--- DATA TO EXAMINE ---
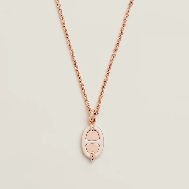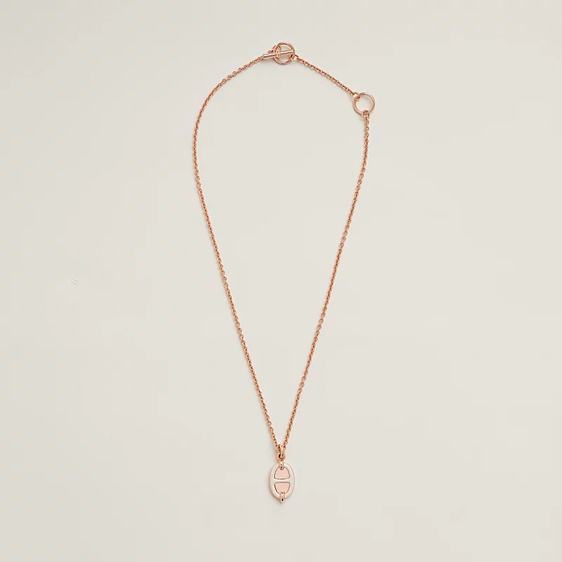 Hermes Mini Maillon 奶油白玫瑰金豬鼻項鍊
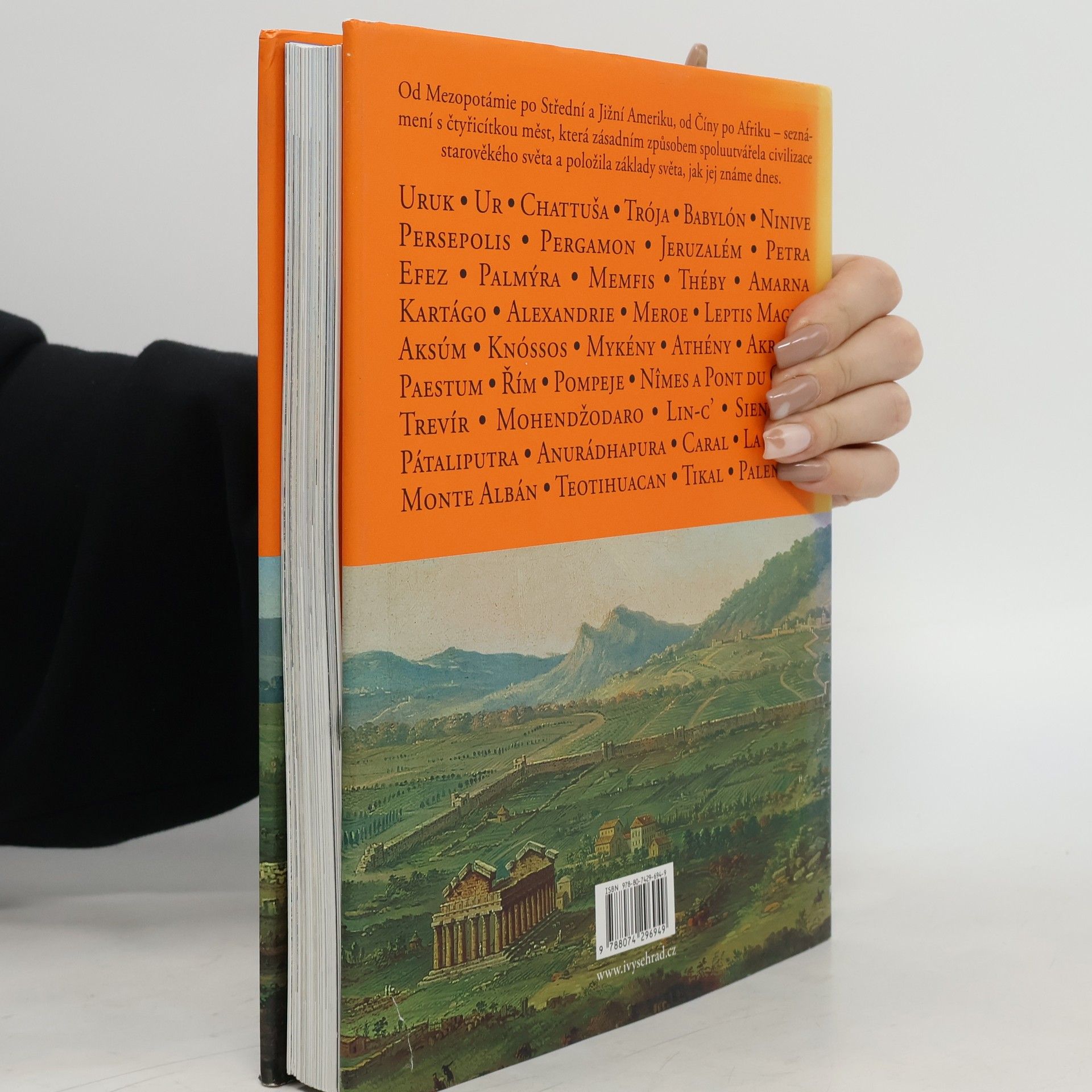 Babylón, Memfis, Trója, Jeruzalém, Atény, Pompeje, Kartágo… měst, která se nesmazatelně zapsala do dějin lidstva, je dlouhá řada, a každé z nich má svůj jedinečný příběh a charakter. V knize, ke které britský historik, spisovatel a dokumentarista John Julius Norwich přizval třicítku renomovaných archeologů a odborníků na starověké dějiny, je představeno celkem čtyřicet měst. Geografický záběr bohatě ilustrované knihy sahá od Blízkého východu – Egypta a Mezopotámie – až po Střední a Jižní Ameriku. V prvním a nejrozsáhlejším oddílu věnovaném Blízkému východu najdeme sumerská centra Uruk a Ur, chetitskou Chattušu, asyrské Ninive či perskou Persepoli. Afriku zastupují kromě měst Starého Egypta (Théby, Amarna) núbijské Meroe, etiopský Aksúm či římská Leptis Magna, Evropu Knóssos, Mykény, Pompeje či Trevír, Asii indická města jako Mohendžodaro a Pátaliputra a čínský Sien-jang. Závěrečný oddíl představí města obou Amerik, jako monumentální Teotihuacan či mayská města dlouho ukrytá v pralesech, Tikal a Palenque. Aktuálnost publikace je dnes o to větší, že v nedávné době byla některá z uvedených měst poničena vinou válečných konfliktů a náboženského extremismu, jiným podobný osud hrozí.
* * *
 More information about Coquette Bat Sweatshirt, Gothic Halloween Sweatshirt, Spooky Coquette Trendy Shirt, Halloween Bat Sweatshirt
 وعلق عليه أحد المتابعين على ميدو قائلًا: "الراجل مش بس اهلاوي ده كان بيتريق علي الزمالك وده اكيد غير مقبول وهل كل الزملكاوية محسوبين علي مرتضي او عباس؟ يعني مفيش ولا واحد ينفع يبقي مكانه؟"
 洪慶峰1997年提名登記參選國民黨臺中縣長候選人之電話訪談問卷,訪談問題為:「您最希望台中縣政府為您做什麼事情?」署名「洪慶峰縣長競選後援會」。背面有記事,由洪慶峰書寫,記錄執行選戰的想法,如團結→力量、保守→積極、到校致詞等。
==
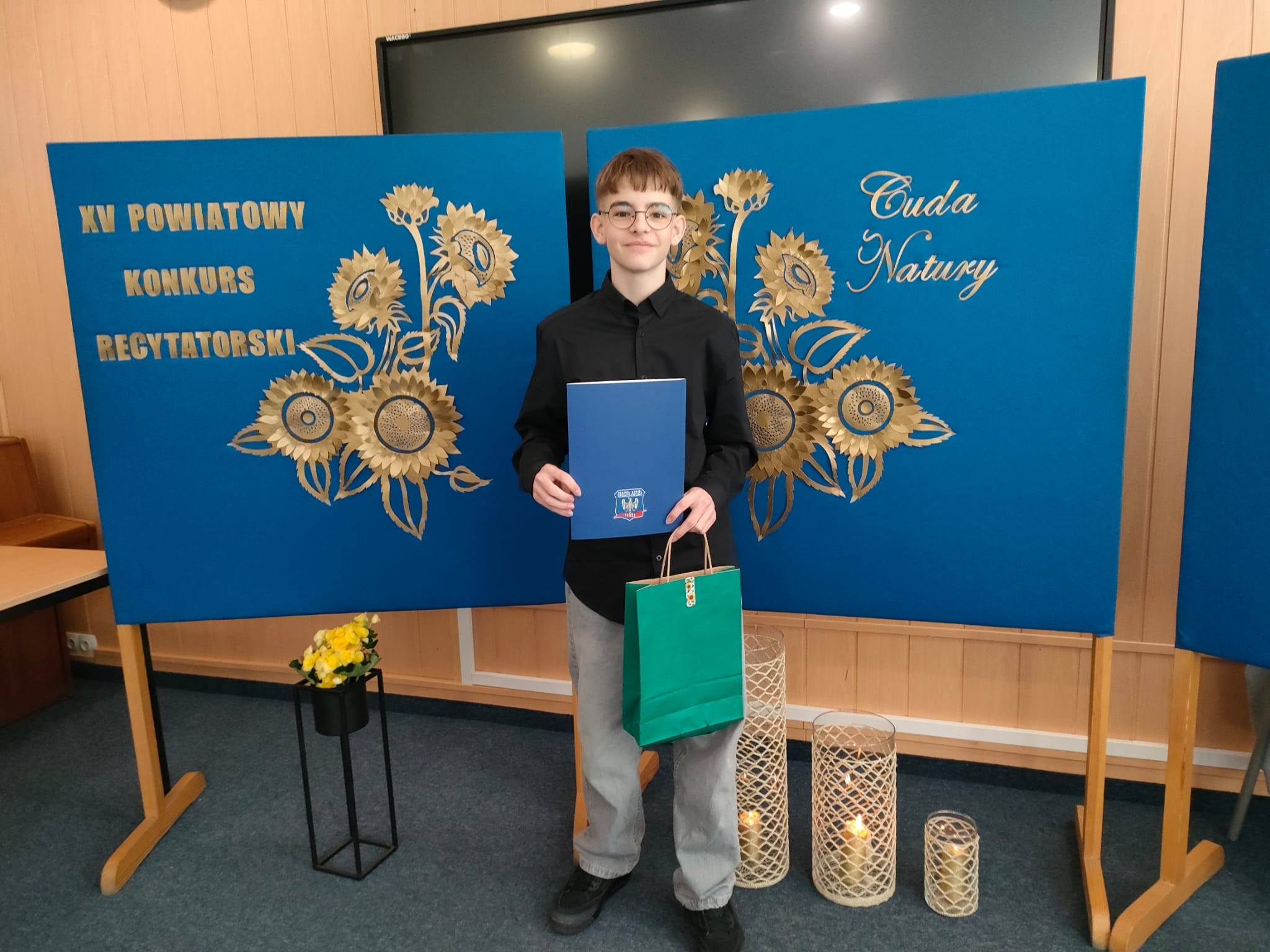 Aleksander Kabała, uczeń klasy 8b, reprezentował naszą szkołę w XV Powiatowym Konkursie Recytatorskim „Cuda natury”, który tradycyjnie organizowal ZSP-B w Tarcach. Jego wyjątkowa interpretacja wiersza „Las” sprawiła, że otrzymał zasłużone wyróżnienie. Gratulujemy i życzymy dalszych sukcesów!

--- PROBLEM STATEMENT ---
Would you restate, exactly and with no pictures, the lines of the entries above from the one containing "Hermes Mini Maillon 奶油白玫瑰金豬鼻項鍊" through the one containing "Babylón, Memfis, Trója, Jeruzalém, Atény, Pompeje, Kartágo…"?

--- OUTPUT ---
 Hermes Mini Maillon 奶油白玫瑰金豬鼻項鍊
 Babylón, Memfis, Trója, Jeruzalém, Atény, Pompeje, Kartágo… měst, která se nesmazatelně zapsala do dějin lidstva, je dlouhá řada, a každé z nich má svůj jedinečný příběh a charakter. V knize, ke které britský historik, spisovatel a dokumentarista John Julius Norwich přizval třicítku renomovaných archeologů a odborníků na starověké dějiny, je představeno celkem čtyřicet měst. Geografický záběr bohatě ilustrované knihy sahá od Blízkého východu – Egypta a Mezopotámie – až po Střední a Jižní Ameriku. V prvním a nejrozsáhlejším oddílu věnovaném Blízkému východu najdeme sumerská centra Uruk a Ur, chetitskou Chattušu, asyrské Ninive či perskou Persepoli. Afriku zastupují kromě měst Starého Egypta (Théby, Amarna) núbijské Meroe, etiopský Aksúm či římská Leptis Magna, Evropu Knóssos, Mykény, Pompeje či Trevír, Asii indická města jako Mohendžodaro a Pátaliputra a čínský Sien-jang. Závěrečný oddíl představí města obou Amerik, jako monumentální Teotihuacan či mayská města dlouho ukrytá v pralesech, Tikal a Palenque. Aktuálnost publikace je dnes o to větší, že v nedávné době byla některá z uvedených měst poničena vinou válečných konfliktů a náboženského extremismu, jiným podobný osud hrozí.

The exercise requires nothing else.